Patriarchy and Capitalism
The experts from Guatemala, Honduras, and El Salvador consulted by IPS said the root of the phenomenon is multi-causal, with facets of patriarchy, especially gender stereotypes and sexual violence.
“The patriarchy has an interest in stopping women from going out into the public sphere,” said Barrios.
She said the life of a 10-year-old girl is cut short when she becomes pregnant. She will no longer go to school and will remain in the domestic sphere, “to raise children and stay at home.”
For her part, Garcia, the lawyer from Honduras, pointed out that there is also an underlying “system of oppression” that is intertwined with patriarchy and colonialism, which is the influence of a hegemonic country or region.
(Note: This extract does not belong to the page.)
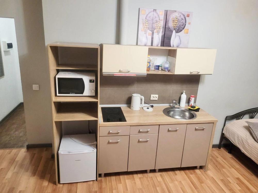 Уютная студия для гостей. В квартире имеется: Средства личной гигиены ( шампунь, гель для душа, мыло, т.бумага), фен (по запросу). Посуда, кухонные приборы и принадлежности для приготовления пищи по своему вкусу. Гладильная доска, сушилка для белья, wi-fi интернет, телевиденье.

“We have girls giving birth to cheap labor to feed the (capitalist) system, and there is a greater feminization of poverty, girls giving birth to girls whose future prospects are ruined,” she said.
In the meantime, to avoid a repeat of her ordeal, Beltrán said she talks to and teaches her 9-year-old daughter about sexuality.
“In order to keep her from repeating my story, I talk to her about condoms, how a woman has to take care of herself and how she can get pregnant,” she said.
“I don’t want her to go through what I did,” she said.